The national repository of patient data will enable hospitals, healthcare units and doctors to access detailed treatment procedures.

For healthcare professionals, the repository will

–  Provide patient data from across the country to serve as precedent to understand and provide better healthcare

–  Minimize paperwork and documentation while transferring patients from one doctor/hospital to another, saving precious time

–  Help understand changes in patients’ symptoms and changes through access to their medical history

–  Prevent burnout of healthcare professionals with having precedents to refer, saving time

–  Prevent medical errors and incorrect diagnosis through access to medical history of patients

For patients, the repository will,

–  Simplify the management of their complete health records

–  Make remote consultations more effective with access of medical records on a centralized system

–  Cut down the need for repeated lab tests

For the government, this data will help in:

– Understanding patterns and analysing trends of disease with access to grass root level data

– Facilitating the creation of better healthcare policies and programs

– Preparing more efficient plans for medical emergencies

Role of global standards in developing a National Repository of Patient Data

A national centralised patient data repository is an aggregated data platform where Electronic Health Records (EHRs) could be stored and access of later use. To enable the development of such a platform, it is required for all healthcare stakeholders to document procedures, clinical trials, etc., in a common manner and map them with a unique code. Here, the use of global standards come to rescue.

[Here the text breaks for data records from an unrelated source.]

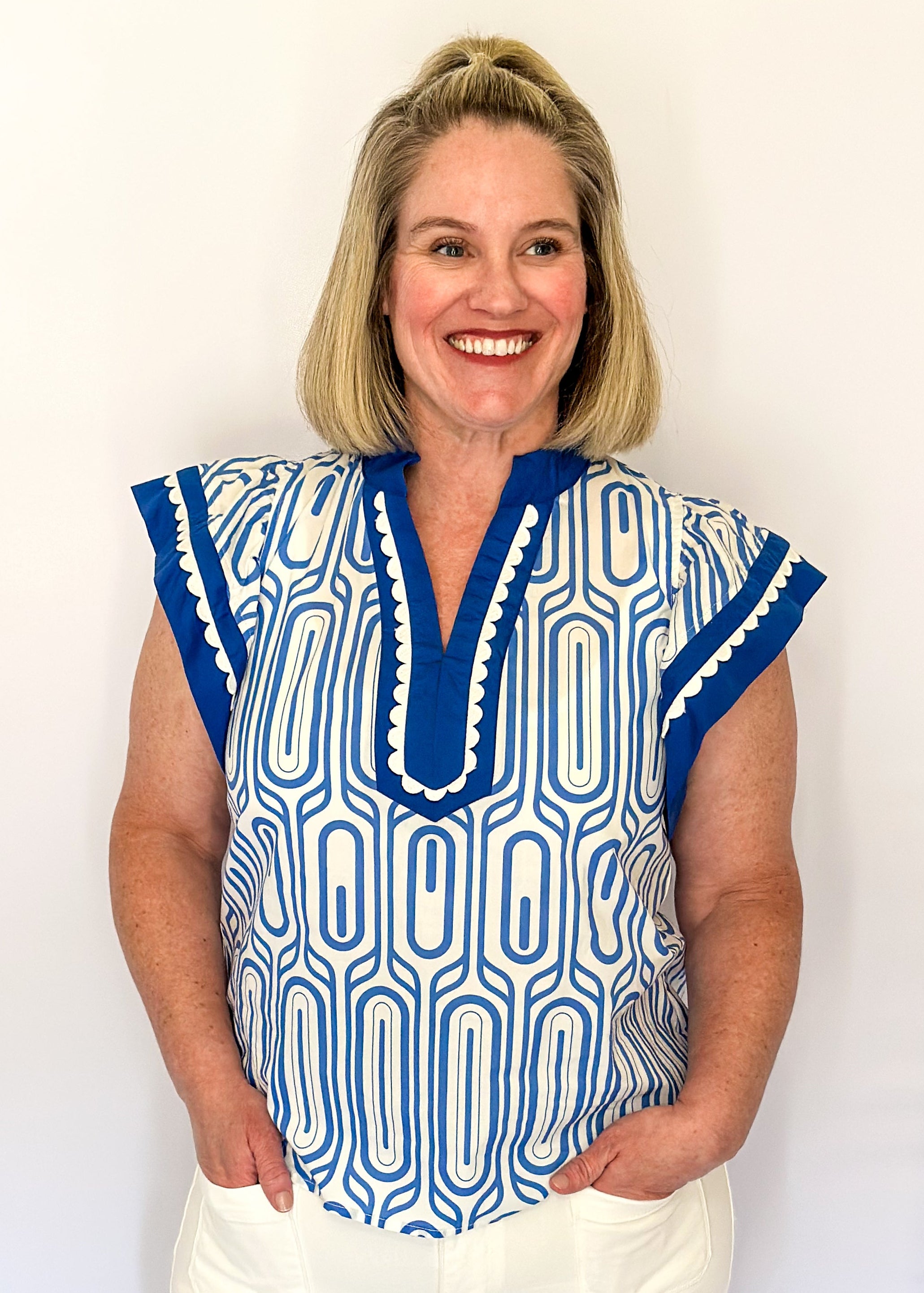 The bold pattern brings the personality on this one! Bold blue contrast trim and fun scallop sleeve details. She's polished without being fussy. Available in Blue and Mint.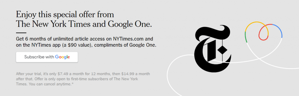 Via Google kann man sich gerade ein Digitalabo der New York Times für 6 Monate lang gratis sichern. Unbedingt direkt nach der Bestellung das Abo wieder kündigen - den Zugriff auf die digitale Zeitung bleibt in den sechs Gratis-Monaten trotzdem bestehen.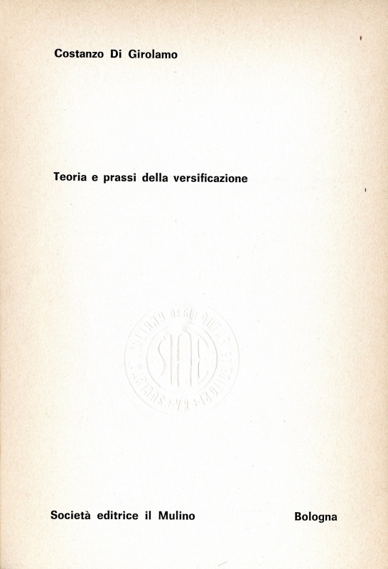 Di Girolamo – Teoria e prassi della versificazione (1976)Di Girolamo, Costanzo Teoria e prassi della versificazione / Costanzo di Girolamo. – Bologna : Il mulino, [1976]. – 230 p. ; 21 cm. – (La nuova scienza. Serie di linguistica e di critica letteraria)[1] t.u. Teoria e prassi della versificazione

The SNOMED CT standard is considered to be the most comprehensive, multilingual clinical healthcare terminology in the world. It is used to encode the meanings that are used in health information and to support the effective clinical recording of data with the aim of improving patient care. SNOMED CT comprehensive coverage includes: clinical findings, symptoms, diagnoses, procedures, body structures, organisms and other etiologies, substances, pharmaceuticals, devices and specimens.

Once documented in a common language, the data needs to be shared from multiple systems to a centralised repository. To enable this, there is a need of globally standardized methods for disparate systems, across hospital chains, States, Central bodies, etc., to talk to each other. GS1 global standards enable this interoperability by ensuring that the key to access individual database is unique.

Once developed, the patient data repository will prove beneficial in programs like the National Digital Health Mission and Arogya Bharat, where the former aims at developing the necessary backbone to bridge the existing gap amongst different stakeholders of Healthcare ecosystem through digital highways, and the latter aims at providing free access to healthcare for 40% of people in the country. The centralized data will enable the government to strategically plan the policies and programs and steer them in the required direction. Additionally, this data repository will help in managing and controlling COVID-19 like situations in future.

Many countries have developed national patient data repositories, incorporating standardized methods to strengthen their healthcare system and provide efficient treatment to patients and further improve patient safety. Australia’s ‘My Health Record’ is one example that allows access to patients’ health summaries to the healthcare professionals. GS1 aids the Australian Digital Health Agency in providing a central source of location data using globally unique, standard GLNs as identification keys.

Further, Tanzania developed a unified patient database to respond to disease outbreaks, track and monitor health insurance claims, resolve supply chain challenges for vaccines, medicines, and equipment, track patients over time and at different points of care, and transfer and analyse data across systems and geographies.

This could also be the starting point of standardising healthcare data. As per a McKinsey report, “Implementing global standards across the entire healthcare supply chain could save 22-43,000 lives and avert 0.7 to 1.4 million patient disabilities on an annual basis.”